Bruce Steiner previously commented on the lessons estate planners can learn from James Gandolfini’s, Philip Seymour Hoffman’s, Lauren Bacall’s, Tom Clancy’s, Joan Rivers’, Whitney Houston’s and Frank Gifford’s wills and Robin Williams’ insurance trusts. Now, Bruce returns with commentary about the lessons estate planners can learn from David Bowie’s will.
- David Bowie died on January 10, 2016. He was 69 years old. He was a singer, songwriter and musician, and also worked as an actor and record producer. He was a citizen of the United Kingdom and a resident of Manhattan. His legal name was David Robert Jones.
- Bowie left a large estate. Several news stories reported that he was worth $100 million. The probate petition says that the value of his probate estate was between $500,000 and $100 million.

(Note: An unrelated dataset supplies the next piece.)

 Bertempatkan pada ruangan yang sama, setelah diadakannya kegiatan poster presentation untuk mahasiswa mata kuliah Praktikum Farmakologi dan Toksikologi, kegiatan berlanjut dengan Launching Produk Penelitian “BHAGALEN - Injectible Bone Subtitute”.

- Bowie married Mary Angela Barnett (Angie) on March 19, 1970. He and Angie had one child, Duncan Jones, who was born on May 30, 1971, and is age 44. Duncan is married to Rodene Ronquillo, and they are expecting a child in June 2016.

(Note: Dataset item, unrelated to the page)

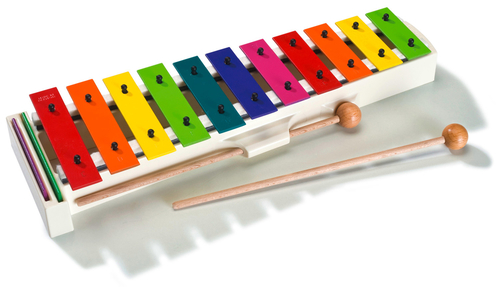 Ксилофон с цветно кодиране на нотите (съответстват на тръбите Бум-уакър, c3 – f4)
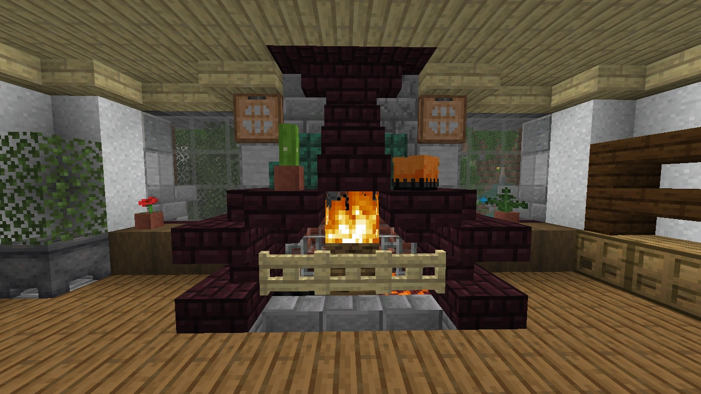 Eine einfache Feuerstelle macht sich in einer Höhle oder einer einfachen Hütte sehr gut. In einem Loch im Boden wird auf Netherrack ein Feuer entzündet und von zwei Seiten von Bruchsteinstufen umgeben. Links und rechts vom Feuer werden nun Mauern platziert. Danach setzt man auf diese jeweils einen beliebigen Zaun. Zwischen diese beiden Zäune wird nun wahlweise ein gefüllter Kessel oder ein Block Netherquarzerz gesetzt. Nun hat man entweder einen kochenden Eintopf oder bratendes Fleisch. Natürlich ist auch pinke Wolle möglich, wenn ein Schwein dargestellt werden soll.

- Bowie and Angie were divorced on February 8, 1980. Mr. Bowie then married Iman Mohamed Abdulmagid (Iman) on April 24, 1992. Mr. Bowie had another child with Iman, Alexandria Zahra Jones (Lexi), who was born in August 2000, and who is age 15.

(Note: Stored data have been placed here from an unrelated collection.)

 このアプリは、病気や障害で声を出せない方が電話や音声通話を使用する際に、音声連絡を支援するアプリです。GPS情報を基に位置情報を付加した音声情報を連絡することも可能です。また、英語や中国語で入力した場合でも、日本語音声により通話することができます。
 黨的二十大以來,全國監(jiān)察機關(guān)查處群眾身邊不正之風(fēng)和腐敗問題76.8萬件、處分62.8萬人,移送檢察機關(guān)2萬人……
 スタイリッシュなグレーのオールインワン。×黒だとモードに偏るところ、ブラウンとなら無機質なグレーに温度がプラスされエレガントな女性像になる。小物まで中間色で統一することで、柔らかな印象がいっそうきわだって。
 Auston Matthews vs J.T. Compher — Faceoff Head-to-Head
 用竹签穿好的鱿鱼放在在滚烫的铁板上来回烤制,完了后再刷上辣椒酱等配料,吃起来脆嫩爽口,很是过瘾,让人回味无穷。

- Iman was born on July 25, 1955, and is age 60. She is a model, actress and entrepreneur. In addition to Lexi, she has an adult daughter, Zulekha Haywood, from her previous marriage to basketball player Spencer Haywood.
- Bowie left a will dated August 25, 2004, and a Codicil dated May 4, 2007.
- Bowie’s will provides as follows:
- He left his tangible personal property (other than the copyrights relating thereto) to his executors to distribute in accordance with his wishes as he may have made known to them.
- He left $2 million to his friend, Corinne (Coco) Schwab. In the Codicil, he also left his shares of Opossum, Inc., to Coco.
- He left $1 million to his friend, Marion Skene.
- He left his Ulster County, New York, vacation home to Lexi.
- He left his other residences to Iman.
- He left the rest of his estate 50% in trust for Iman, 25% to Duncan, and 25% in trust for Lexi.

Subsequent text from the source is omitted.